Miller noted broader housing pressures in Richmond, saying renters make up a majority of city residents and that the city recorded a high eviction rate last year. She described personal observations of neighbors struggling to cover small monthly expenses and recounted a loss of a friend she connected to rising rents and interrupted access to medication.

Miller said: "I'm haunted in knowing that just a hundred and $13 a month in funding is what could have saved their life." She tied the need for local emergency funding to broader trends, noting pressures from federal funding changes and aging infrastructure.

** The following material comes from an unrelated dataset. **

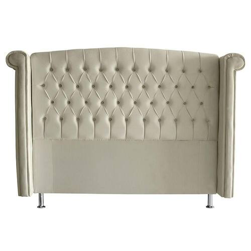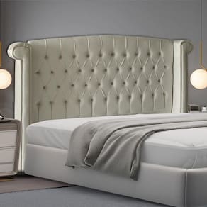 Essa cabeceira casal estofada é um luxo só, isso porque o seu design curvo somado aos botões revestidos cria um ambiente clássico e charmoso.

Council did not take formal action tied to Miller’s remarks during the meeting. Her comments were part of the public comment period; no council motion or vote related to a change in the Family Crisis Fund was recorded in the public proceedings on the transcript excerpt.

Miller asked council to treat the issue with urgency and to secure funding now to prevent avoidable housing losses as federal emergency supports and infrastructure stressors change.

For follow-up, the transcript shows Miller spoke during the public comment portion and no staff or council report providing a budget response was recorded immediately after the comment period.